Is this a python 3 file bug?

半城伤御伤魂 提交于 2019-12-08 18:52:40

os.dup creates a duplicate file descriptor that refers to the same open file description. Therefore, os.lseek(fd, 28, SEEK_SET) changes the seek position of the file underlying fp1.

Python's file objects cache the file position to avoid repeated system calls. The side effect of this is that changing the file position without using the file object methods will desynchronize the cached position and the real position, leading to nonsense like you've observed.

Worse yet, because the files are internally buffered by Python, seeking outside the file methods could actually cause the returned file data to be incorrect, leading to corruption or other nasty stuff.

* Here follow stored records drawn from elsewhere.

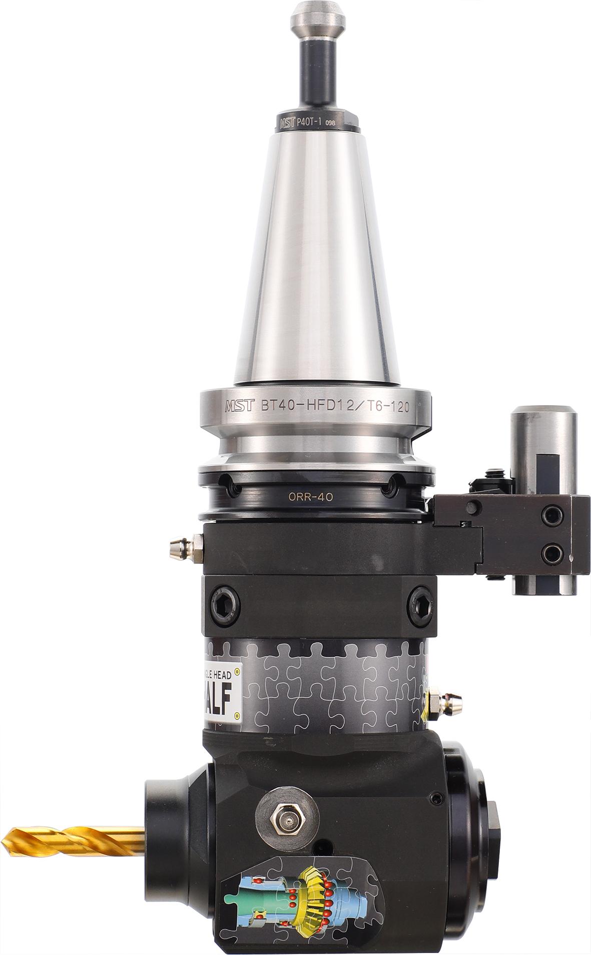 「アングルヘッドハーフ」は価格が安い、納期が早い、軽量コンパクト、自分で修理が出来ることが大きな特長。ドリル・タップ加工を主目的とした製品で、低コストで1軸付加が可能。90°型・角度設定自在のユニバーサル型、極細ヘッドのmini型をラインナップしており、工程集約を実現。BT30マシニングセンタにも対応。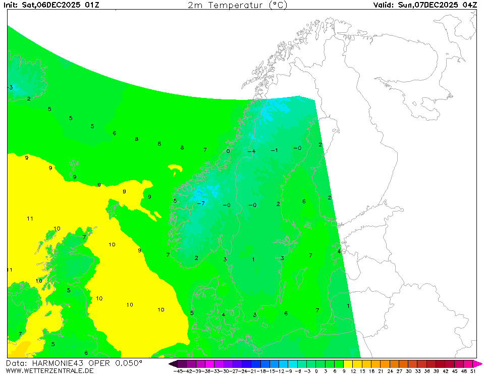 HARMONIE (FMI)The selected time, variable and region is available for this model. HARMONIE is a mesoscale weather prediction model managed by the Finnish Meteorological Institute. The data is updated 4 times a day at 00, 06, 12 and 18 UTC. Corresponding model runs are available roughly five hours after analysis time (~ after model run has started).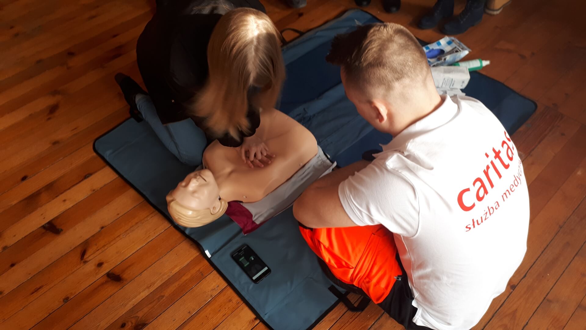 W sobotnim kursie wzięła udział młodzież z pobliskiego gimnazjum. Na specjalnych fantomach młodzi ludzie uczyli się m.in., jak działają defibrylatory, jak ocenić stan poszkodowanego, jak robić masaż serca, na co zwrócić uwagę, a czego robić nie wolno.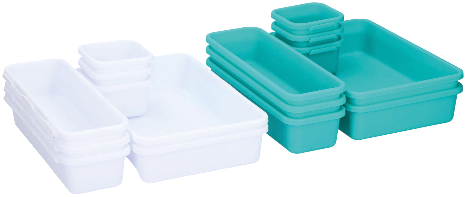 8-teiliges Set bestehend aus 2 Fächern 15,5 x 23,5 x 4,5 cm, 3 Fächern 7,5 x 23,5 x 4,5 cm und 3 Fächern 7,5 x 7,5 x 4,5 cm.
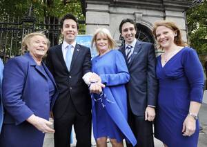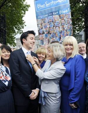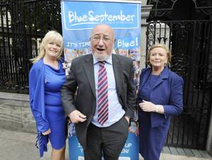 To mark Blue September (to raise cancer awareness among men) members of both houses of the oireachtas led by Mary Mitchell O’Connor (top pic, left) and Frances Fitzgerald (top pic, right) with Caoimhghin O Caolain, wore blue. Joining them middle pic, were from left: Eoghan Murphy, Simon Harris and Catherine Noone. Olivia Mitchell attends to Murphy in the bottom pic.
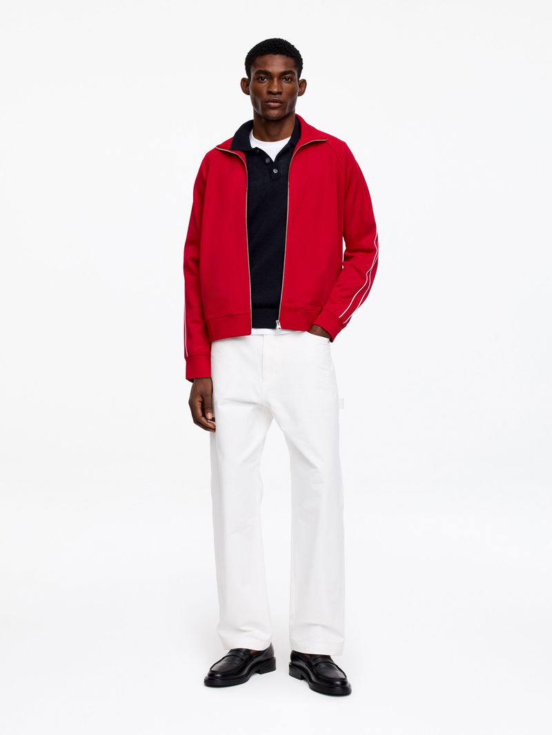 Our take on the WCT tracksuit jacket is crafted from a polyester/cotton blend and detailed with pipings in contrasting colour. Styled with a two-way metal zip at front, slanted pockets, and ribbed trims at collar, cuffs and bottom hemline. Part of set.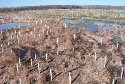 The staggering challenge put to the biologists of Davey Resource Group is to create in ten years a healthy start toward wetlands that has characteristics of one that has been developing over thousands of years. Because current monitoring standards measure success by the presence of climatic species rather than the successional colonizers that are found naturally in young wetland systems, biologists are essentially attempting to shortcut history. The mandate to move more quickly than nature is one that governs restoration efforts now, despite the fact that the validity of that approach will not be apparent for years.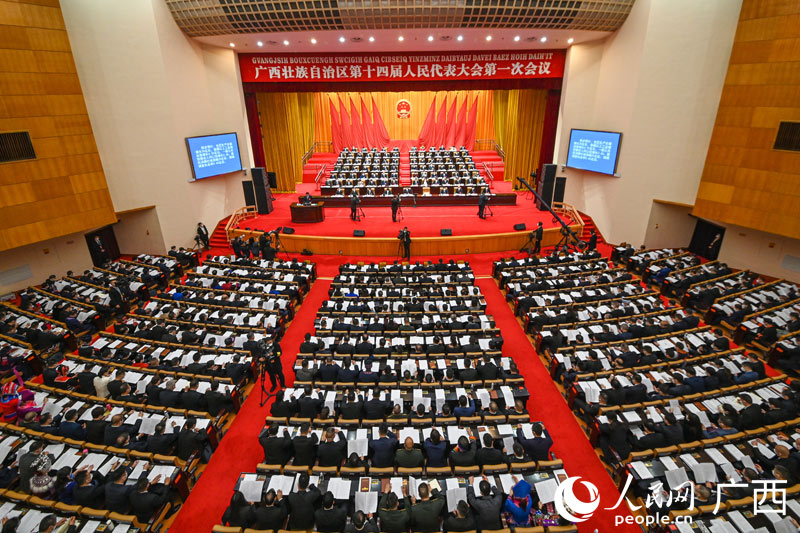 廣西壯族自治區(qū)十四屆人大一次會(huì)議開(kāi)幕。人民網(wǎng) 嚴(yán)立政攝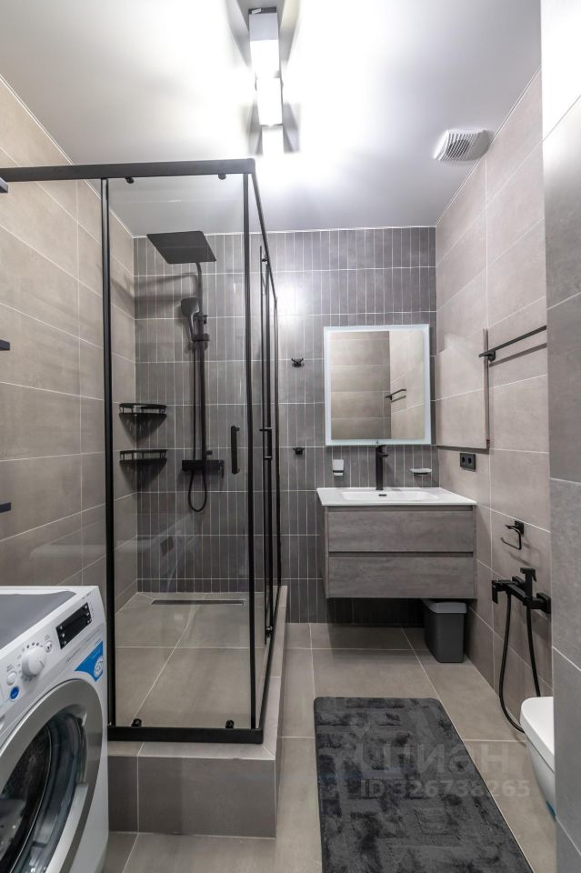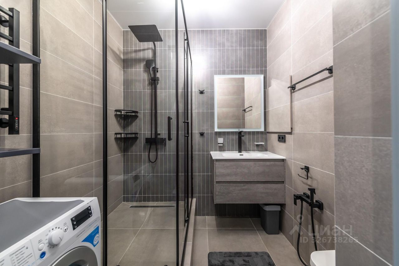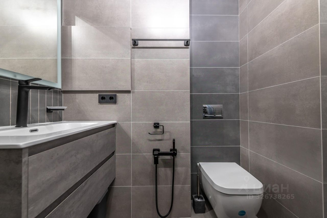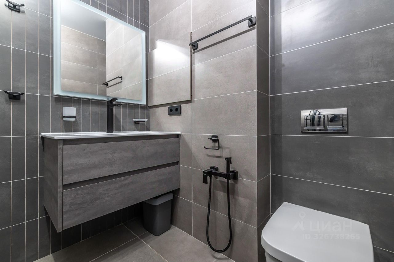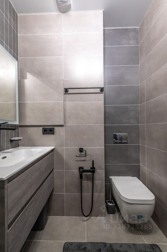Большой просторный санузел с большой комфортной душевой , широкая раковина 90 см., подвесной унитаз с гигиеническим душем.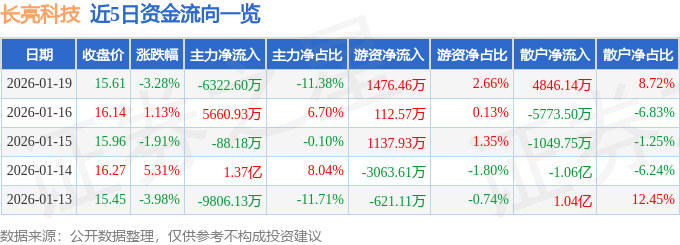 1月19日的资金流向数据方面,主力资金净流出6322.6万元,占总成交额11.38%,游资资金净流入1476.46万元,占总成交额2.66%,散户资金净流入4846.14万元,占总成交额8.72%。

The documentation in bufferedio.c notes that tell can be used to reinitialize the cached value:

* The absolute position of the raw stream is cached, if possible, in the
  `abs_pos` member. It must be updated every time an operation is done
  on the raw stream. If not sure, it can be reinitialized by calling
  _buffered_raw_tell(), which queries the raw stream (_buffered_raw_seek()
  also does it). To read it, use RAW_TELL().

No, this is not a bug. The Python 3 io library, which provides you with the file object from an open() call, gives you a buffered file object. For binary files, you are given a (subclass of) io.BufferedIOBase.

The Python 2 file object is far more primitive, although you can use the io library there too.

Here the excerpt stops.